*Aim of the task:*
Your answer must be an exact copy of the listing that follows, with all pictures omitted.

*Data extract:*
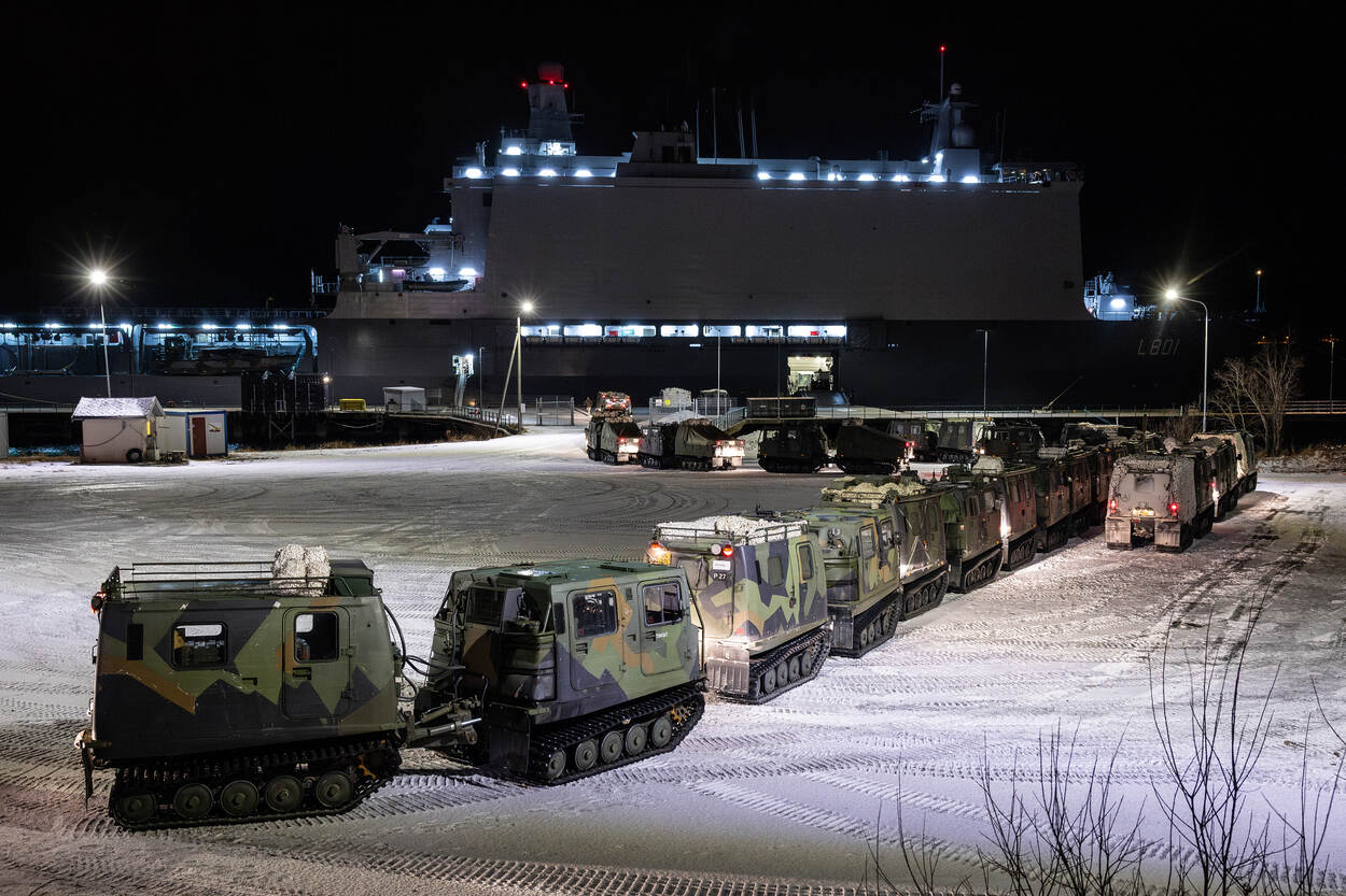 Mariniers, voertuigen en materieel worden tijdens Joint Viking vanaf Zr.Ms. Johan de Witt aan land gebracht.
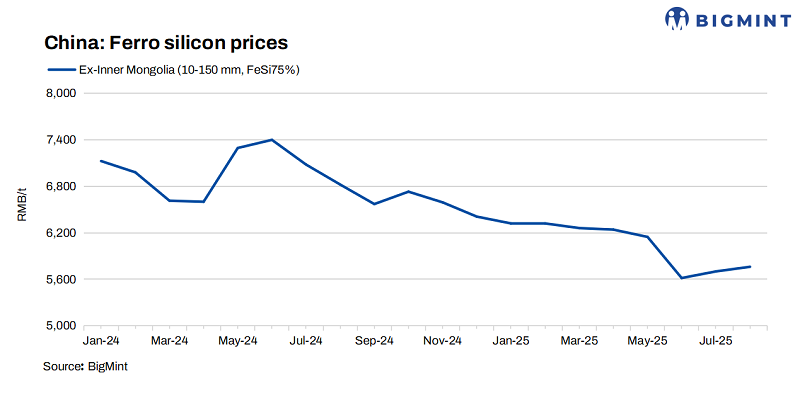 China’s Hebei Iron and Steel Group (HBIS Group) has released its ferro silicon bids for Aug’25. Bids (Si: 72%) stood at RMB 6,030/t ($840/t), reflecting a slight rise of RMB 430/t ($60/t) m-o-m from the Jul’25 tender price of RMB 5,600/t ($781/t). This price includes all taxes and freight charges to HBIS Group facilities.
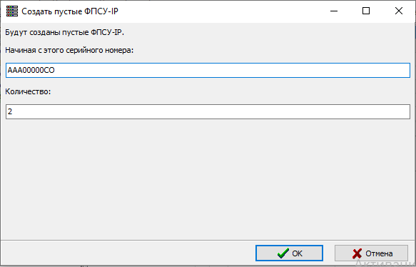 К списку ФПСУ-IP могут быть применены массовые операции и массовое конфигурирование, перед этим следует создать пустые ФПСУ-IP. ФПСУ-IP могут быть зарегистрированы массово для дальнейшей настройки параметров выбором пунктов «Регистрация пустых ФПСУ-IP...» или «Регистрация пустых ФПСУ-IP из файла» меню «ФПСУ-IP». При выборе пункта «Регистрация пустых ФПСУ-IP...» меню «ФПСУ-IP» предоставляется возможность зарегистрировать ФПСУ-IP. В открывшемся стандартном окне указать серийный номер создаваемых ФПСУ-IP и количество. Каждый следующий серийный номер ФПСУ-IP, будет присвоен по порядку, начиная с указанного.

*Solution for this exercise:*
 Mariniers, voertuigen en materieel worden tijdens Joint Viking vanaf Zr.Ms. Johan de Witt aan land gebracht.
 China’s Hebei Iron and Steel Group (HBIS Group) has released its ferro silicon bids for Aug’25. Bids (Si: 72%) stood at RMB 6,030/t ($840/t), reflecting a slight rise of RMB 430/t ($60/t) m-o-m from the Jul’25 tender price of RMB 5,600/t ($781/t). This price includes all taxes and freight charges to HBIS Group facilities.
 К списку ФПСУ-IP могут быть применены массовые операции и массовое конфигурирование, перед этим следует создать пустые ФПСУ-IP. ФПСУ-IP могут быть зарегистрированы массово для дальнейшей настройки параметров выбором пунктов «Регистрация пустых ФПСУ-IP...» или «Регистрация пустых ФПСУ-IP из файла» меню «ФПСУ-IP». При выборе пункта «Регистрация пустых ФПСУ-IP...» меню «ФПСУ-IP» предоставляется возможность зарегистрировать ФПСУ-IP. В открывшемся стандартном окне указать серийный номер создаваемых ФПСУ-IP и количество. Каждый следующий серийный номер ФПСУ-IP, будет присвоен по порядку, начиная с указанного.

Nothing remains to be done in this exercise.